Testing Multigroup Invariance: The General Notion

Development of a procedure capable of testing for multigroup invariance derives from the seminal work of Jöreskog (1971b). Accordingly, Jöreskog recommended that all tests for equivalence begin with a global test of the equality of covariance structures across the groups of interest. Expressed more formally, this initial step tests the null hypothesis (H0), Σ1 = Σ2 = … ΣG where Σ is the population variance–covariance matrix, and G is the number of groups. Rejection of the null hypothesis then argues for the nonequivalence of the groups and, thus, for the subsequent testing of increasingly restrictive hypotheses in order to identify the source of nonequivalence. On the other hand, if H0 cannot be rejected, the groups are considered to have equivalent covariance structures, and, thus, tests for invariance are not needed. Presented with such findings, Jöreskog recommended that group data should be pooled and all subsequent investigative work based on single-group analyses.

Although this omnibus test appears to be reasonable and fairly straightforward, it often leads to contradictory findings with respect to equivalencies across groups. For example, sometimes the null hypothesis is found to be tenable, yet subsequent tests of hypotheses related to the equivalence of particular measurement or structural parameters must be rejected (see, e.g., Jöreskog, 1971b).

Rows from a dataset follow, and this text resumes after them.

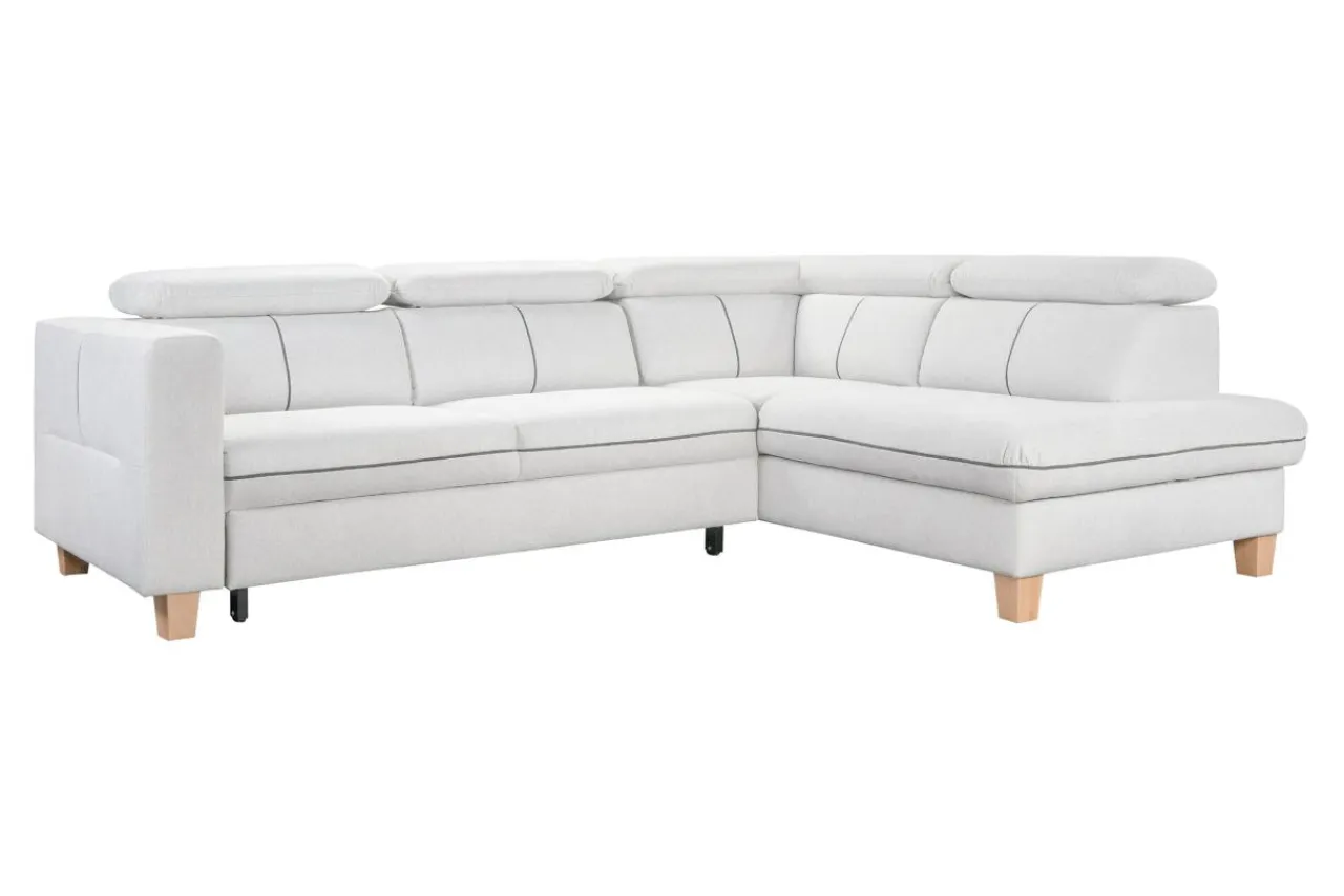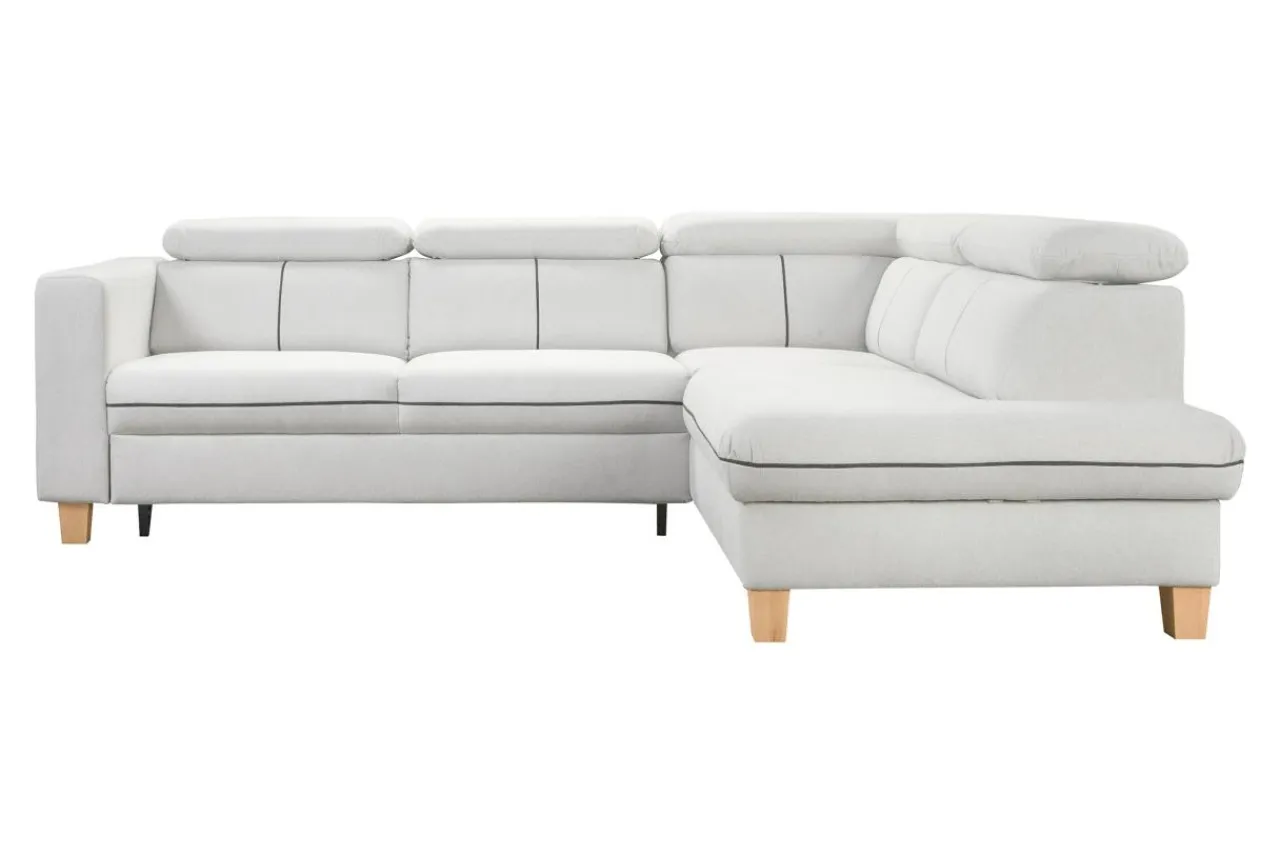 Do obicia narożnika wykorzystano tkaninę POLARIS. Tkanina jest odporna na mechacenie i ścieranie. Jej cechą charakterystyczną jest wyraźny splot nitek, który tworzy interesujący efekt wizualny. Kremowy narożnik posiada wyraziste, szare przeszycia, ładnie komponujące się z drewnianymi nóżkami.
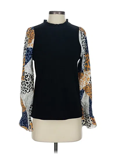 THML Pullover Sweater, Size: Small. Item Details: Blue, Animal Print Pattern, Mock Neckline, Long Sleeve, Women's Tops
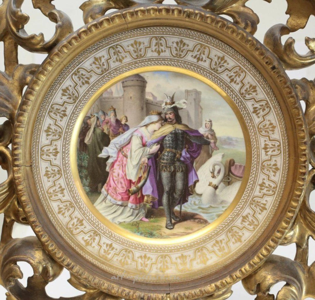 Продаётся роскошная венская фарфоровая сервировочная тарелка ручной росписи, изготовленная около 1900 года. На центральной части тарелки изображен немецкий литературный персонаж - прощание Логенрина. Тарелка оформлена в деревянную раму из золоченого гипса "Флорентийский гельо". На оборотной стороне имеется маркировка Royal Vienna. Вес составляет примерно 3 фунта. Размеры тарелки примерно: диаметр 9.5 дюймов, а размер рамы: диаметр 17 дюймов. Доставка по России доступна, для получения информации обратитесь к нам.
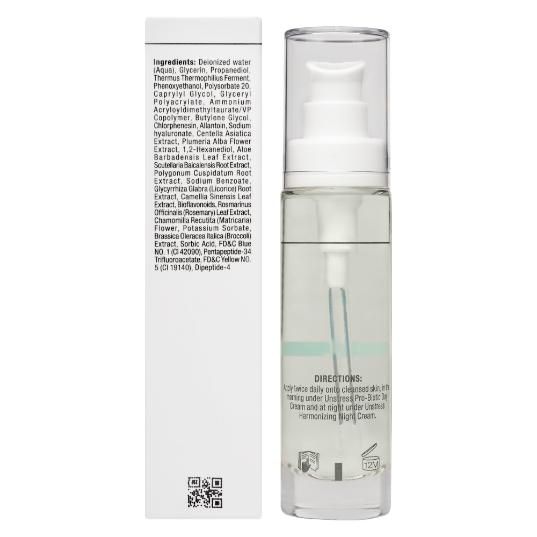 Активы: деонизированная вода, гиалуронат натрия, глицерин, биофлавоноиды, экстракт алоэ, фермент термофилов, экстракты камелии, центеллы азиатской, корня солодки, дипептид-4, экстракты розмарина лекарственного, шлемника байкальского, плюмерии, брокколи, аллантоин.
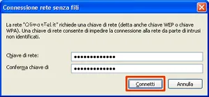 Nel campo Chiave di rete inserisci la tua password di cifratura WPA (o WEP) facendo attenzione a non immettere caratteri maiuscoli e spazi tra un carattere e l’altro. Conferma la chiave inserita e clicca sul pulsante Connetti.

Alternatively, the global null hypothesis may be rejected, yet tests for the equivalence of measurement and structural invariance hold (see, e.g., Byrne, 1988a). Such inconsistencies in the global test for equivalence stem from the fact that there is no baseline model for the test of invariant variance–covariance matrices, thereby making it substantially more restrictive than is the case for tests of invariance related to sets of model parameters. Indeed, any number of inequalities may possibly exist across the groups under study. Realistically, then, testing for the equality of specific sets of model parameters would appear to be the more informative and interesting approach to multigroup invariance. Thus, tests for invariance typically begin with a model termed the configural model (to be discussed shortly).

In testing for invariance across groups, sets of parameters are put to the test in a logically ordered and increasingly restrictive fashion. Depending on the model and hypotheses to be tested, the following sets of parameters are most commonly of interest in answering questions related to multigroup invariance: (a) factor loadings, (b) factor covariances, (c) structural regression paths, and (d) latent factor means. Historically, the Jöreskog tradition of invariance testing held that the equality of residual variances and their covariances should also be tested. However, it is now widely accepted that this test for equivalence not only is of least interest and importance (Bentler, 2005; Widaman & Reise, 1997) but also may be considered somewhat unreasonable (Little, Card, Slegers, & Ledford, 2007) and indeed not recommended (see Selig, Card, & Little, 2008). Two important exceptions to this widespread consensus, however, are in testing for multigroup equivalence related to item reliability (see, e.g., Byrne, 1988a) as well as for commonly specified residual (i.e., error) covariances.

The Testing Strategy

Testing for factorial equivalence encompasses a series of steps that build upon one another and begins with the determination of a separate baseline model for each group. This model represents one that best fits the data from the perspectives of both parsimony and substantive meaning fulness. Addressing this somewhat tricky combination of model fit and model parsimony, it ideally represents one for which fit to the data and minimal parameter specification are optimal. Following completion of this preliminary task, tests for the equivalence of parameters are conducted across groups at each of several increasingly stringent levels.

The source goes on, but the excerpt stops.